Mix the apple puree with the fine sugar and eggs and mix everything well with a wire whisk. Instead of apple puree, you can use mashed bananas or oil or a mix of both and I recommend that the amount of oil is as little as possible, because then you will be able to taste it in the cake layers.

Add the sifted flour with the baking soda, a pinch of salt, cinnamonn and baking powder. Stir until you have a smooth mixture.

You should add the grated carrots, chopped walnuts, coconut shavings and mashed canned pineapple. Mix everything well.

Divide the mixture into 3 equal parts and bake 3 cake layers in a tray lined with baking paper - lightly greased. Cool the baked cake layers on a wire rack.

For the cream, beat the butter with as much powdered sugar as you like, gradually add the cream cheese and mascarpone and beat the mixture. You may skip adding the mascarpone, but replace it with 1 cup (200 ml) of whipped cream. Personally, I wanted more cream and so I added all three - cream cheese, mascarpone and whipped cream.

Put the first cake layer in a suitable plate and spread it with the melted orange jam - mine is homemade and is not present as a product in the original recipe, but I decided to further moisten the cake layers with it. You can skip the jam if you like or you can replace it with apricot jam, which is very suitable for carrot cake.

Spread the cake layers with a part of the cream and proceed with the other cake layers. I did not manage to flatten the cake, because the cake layers are quite moist and not susceptible to cutting. Smear the whole cake with the cream on the outside.

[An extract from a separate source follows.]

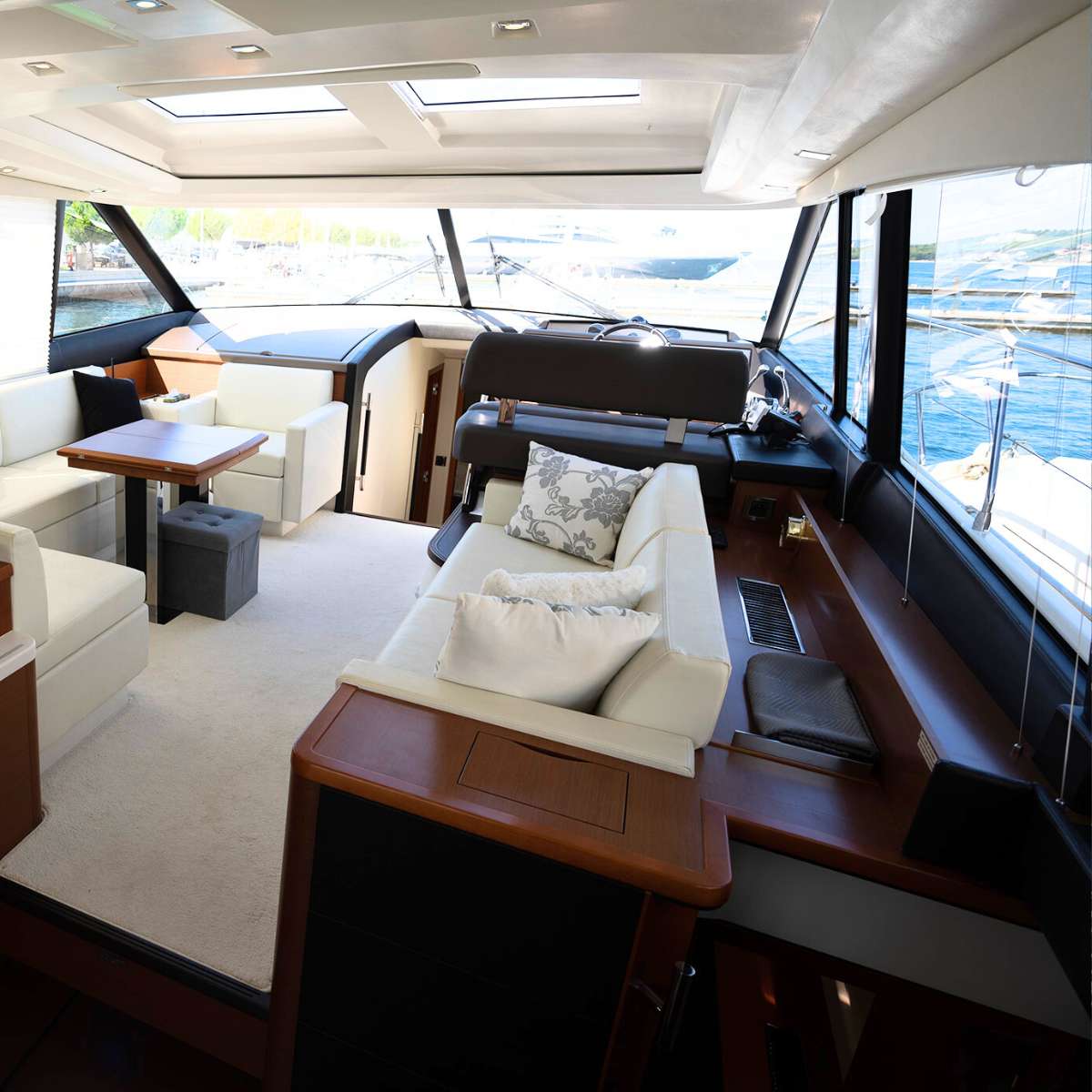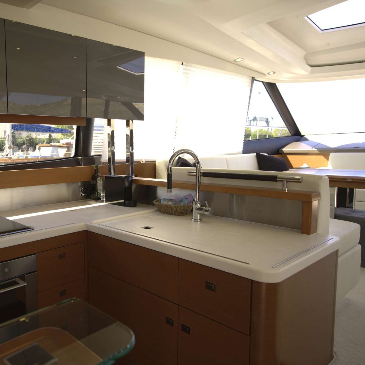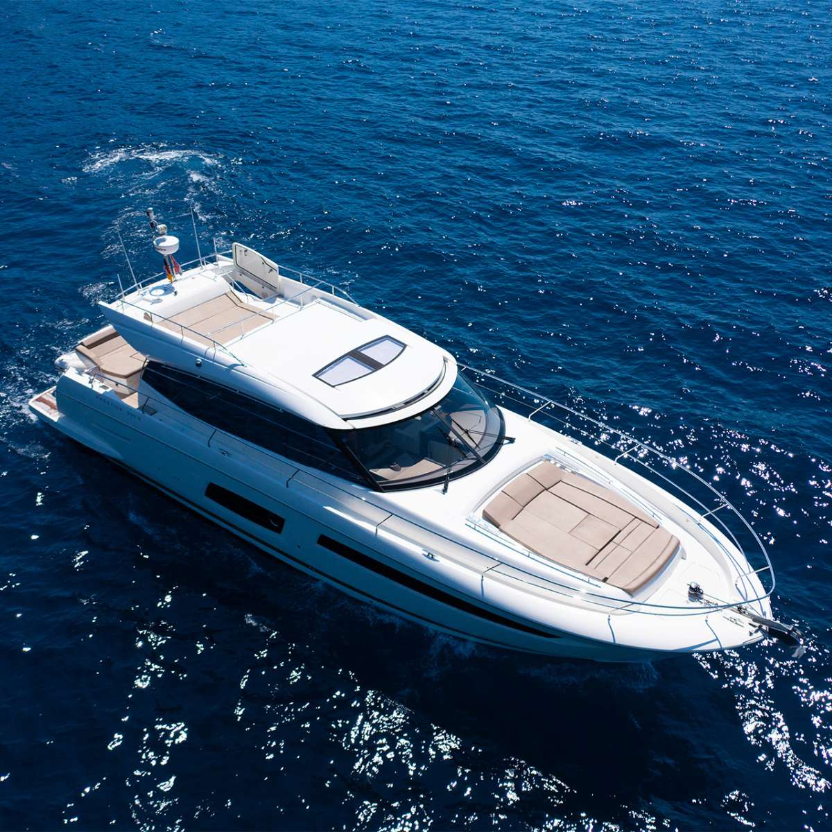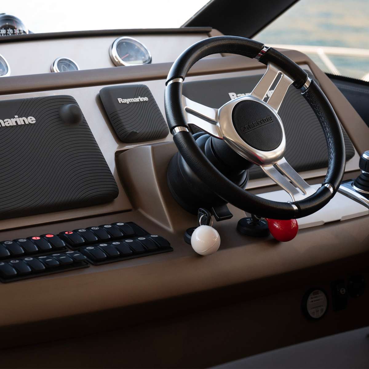 Die PRESTIGE 550S ist eine Weiterentwicklung des erfolgreichen Coupé-Konzepts der JEANNEAU PRESTIGE 500 Yacht. Dank der Mercury Zeus Systeme mit integriertem Joystick kann die Yacht sowohl vom Salon als auch vom Achtercockpit aus bedient werden. Das Innendesign und der große ebenerdige Sitzbereich beeindrucken unsere Gäste mit den großen Cockpitfenstern und dem Glasschiebedach. Gegenüberliegende Sofas und eine modulare Cockpitbank, die zum Salon hin gedreht werden kann, schaffen den perfekten Rahmen für Gespräche und Unterhaltung in kleinen Gruppen. Sie bietet eine zauberhafte Sonnenliege auf der Oberseite des Bootes, von der aus Sie das Meer genießen können.

Melt the chocolate with the milk or cream, cool it slightly and pour the chocolate glaze on top of the cake. The couverture is also not part of the original recipe, so you can skip it as well.

The decoration of the cake is optional - I piped out cream roses, but you can decorate it only with walnuts, grated chocolate - show your imagination and make a decoration according to the occasion for which you're preparing this incredibly delicious carrot cake.

The number of pieces depend on how big the cake tin, in which you have baked the cake layers is - mine was 28 cm.

The cake looks time consuming, but it is not - it is easy to prepare and you only need to spend a little more time on it. But, as you guessed - every piece is worth it.

I made this carrot cake for my loved one's birthday, but they cut it up quickly before I could take better pictures of the whole cake.